The film was shot around Johannesburg, and the squalid hovels shown were in an area of Soweto that was being demolished and the people relocated. The story is based on the true case of District Six in Capetown, where 60,000 inhabitants were forcibly removed during the 1970s by the apartheid regime. But finding a parallel story of forced removals of oppressed populations would not be difficult in most of the world’s nations. A reviewer wrote in an article entitled “District 9 reveals human inhumanity”:
“Substitute “black,” “Asian,” “Mexican,” “illegal,” “Jew,” or any number of different labels for the word “prawn” in this film and you will hear the hidden truth behind the dialogue, echoing what we historically as a species are all too capable of doing.”
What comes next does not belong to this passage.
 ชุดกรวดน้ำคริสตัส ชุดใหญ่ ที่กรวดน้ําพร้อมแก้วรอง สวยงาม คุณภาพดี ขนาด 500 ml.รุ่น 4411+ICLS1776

Several different facets of cannibalism are presented in District 9. The Nigerians eat “prawns” – is that cannibalism, or if not, what about their plan to eat Wikus as he transforms into a prawn? The big corporation is only interested in the billions of dollars that will come from working out how to operate the alien weapons, and are ready and willing to sacrifice Wikus and use his body parts in pursuit of this goal. The aliens are tall and powerful (pulling people limb from limb in a few scenes) and look a bit reminiscent of the creatures from the Alien movie franchise, even though they don’t eat each other or the humans; but they are keen on meat from other species like pigs and goats and whoever ends up in the slurry called cat food.
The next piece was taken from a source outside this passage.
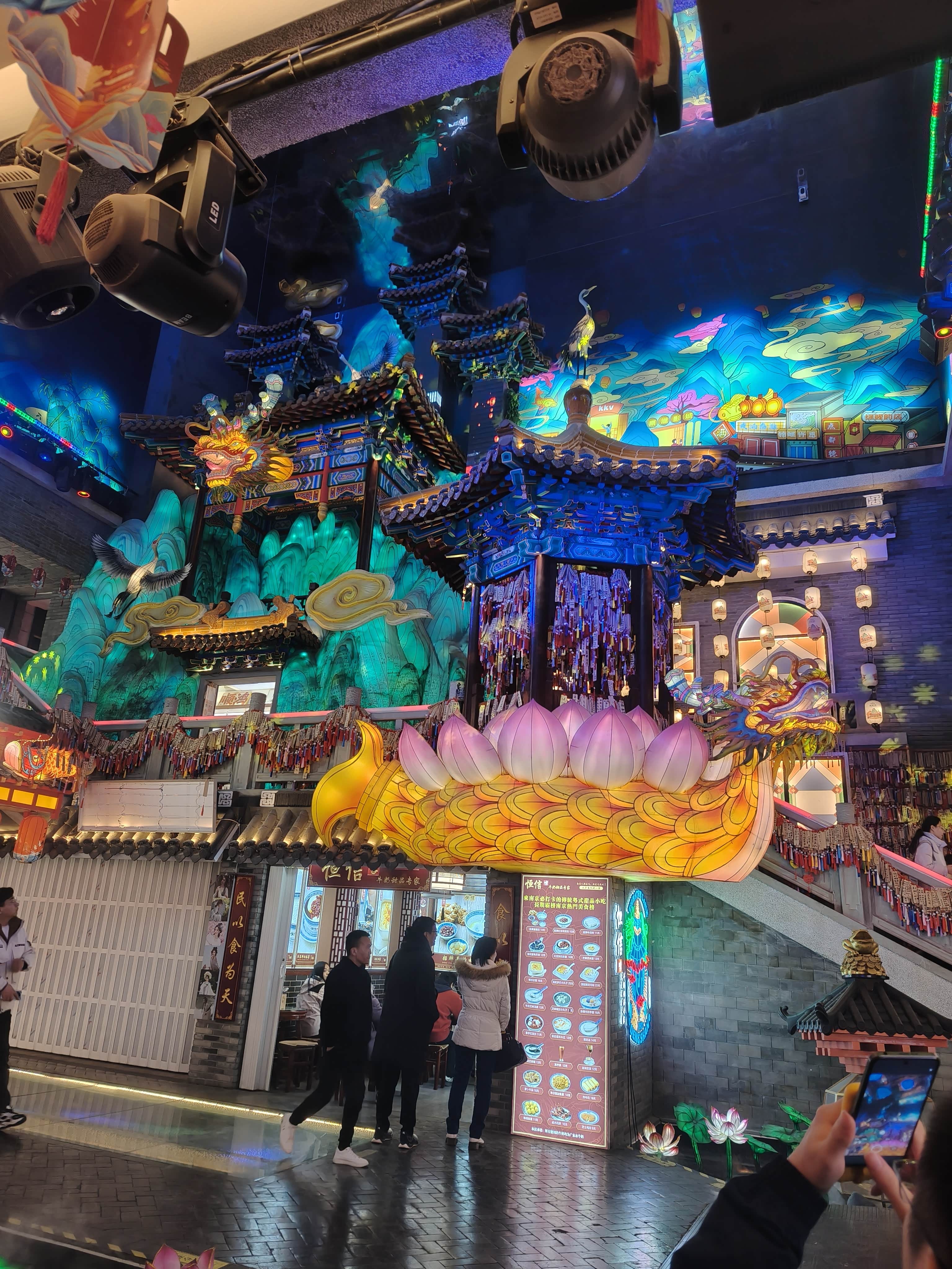 晚餐选择了南京大牌档,热闹的氛围很适合家庭聚餐。桂花糖芋苗、赤豆元宵都是孩子们爱吃的甜食,东山老鹅肉质软烂,咸香入味,配上清爽的时蔬,一顿饭吃得其乐融融。饭点排队虽久,但提前用手机取号,加上孩子们在餐厅的小戏台前看皮影戏,等待的时光也变得有趣起来。

The formal definition of cannibalism tries to restrict the definition to humans eating humans, but it is always leaking out the sides. What we see in this film is the way that anyone can be abused, objectified and even eaten if they can be reclassified as inhuman or subhuman. Wikus starts the story happy to burn down shacks full of alien eggs, enjoying the sound of the eggs bursting, which sounds like popcorn. Captured by the corporation and made to operate alien weapons, he is happy to destroy pigs but begs not to be made to shoot the aliens. Later, turning into a “prawn”, he is more than happy to use the alien weapons to blow apart various soldiers of his former employer, to protect the prawns. The irony of this film is that Wikus, who is a fully carnophallogocentric human in the terms used by Derrida (“adult white male, European, carnivorous and capable of sacrifice”), only finds his humanity when he begins morphing into something else and becomes one of the outsiders he previously disdained.
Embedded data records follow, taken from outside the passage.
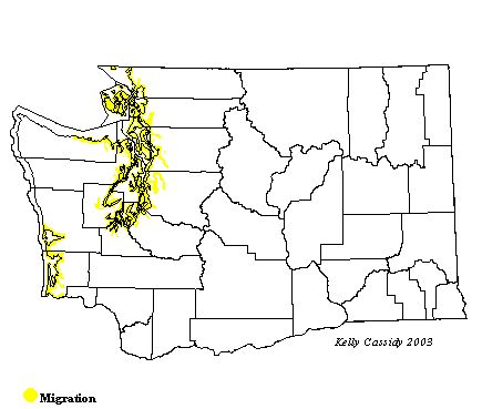 In Washington, sightings of the Little Gull are rare and occur primarily in the fall (September-November) in coastal and western Washington regions in aquatic habitats. Look for them in mixed flocks with Bonaparte's Gulls. American Lake near Fort Lewis (Pierce County) and Point No Point (Kitsap County) are traditional sites for this species.
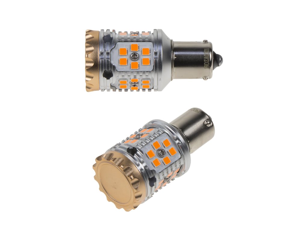 Nová generace LED autožárovek s paticí BAU15S, oranžová, 30x LED čip 3030SMD. Díky speciální vestavěné elektronice simuluje stejný odběr jako klasická žárovka a nehlásí chybu ve vozidlech se systémem hlídání prasklých žárovek. Určeno do směrových světel (blinkrů), žárovky blikají správnou rychlostí.
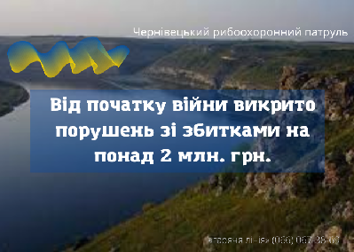 Від початку війни державними інспекторами Чернівецького рибоохоронного патруля проведено 198 рибоохоронних рейди та викрито 161 порушень природоохоронного законодавства, з яких 17 за ч.4 ст. 85 КУпАП. Також складено 100 протоколів за ч. 3 ст. 85 КУпАП (порушення Правил рибальства), два за вилов червонокнижної риби (ст. 90 КУпАП), два за ст. 88 -1 КУпАП та один за ст. 85 ч. 5 КУпАП.

It’s well worth seeing – if you don’t dig the message, then there’s plenty of action scenes, car chases and explosions. Some unintended explosions after the movie, too, when the Nigerian Information Minister asked cinemas to ban the film because it depicted Nigerians as criminals and cannibals. Not the first time white people have applied those epithets against Africans, and the film also scored a mention in Salon’s list of “white saviour” movies, since Wikus is white, and desperate to remain so. But the Malawian actor, Eugene Khumbanyiwa, who played the gang leader, said that the Nigerians in the cast weren’t bothered: “It’s a story, you know. It’s not like Nigerians do eat aliens. Aliens don’t even exist in the first place.” Sensible, but not a great look for a film that is slamming racist stereotypes through the metaphor of speciesism.
The direction is adroit and the story buzzes along with never a dull moment. The acting is first rate, even the guys in the alien suits become sympathetic characters, and the special effects are first rate. The film has a 90% “fresh” rating on Rotten Tomatoes. It’s available on Netflix.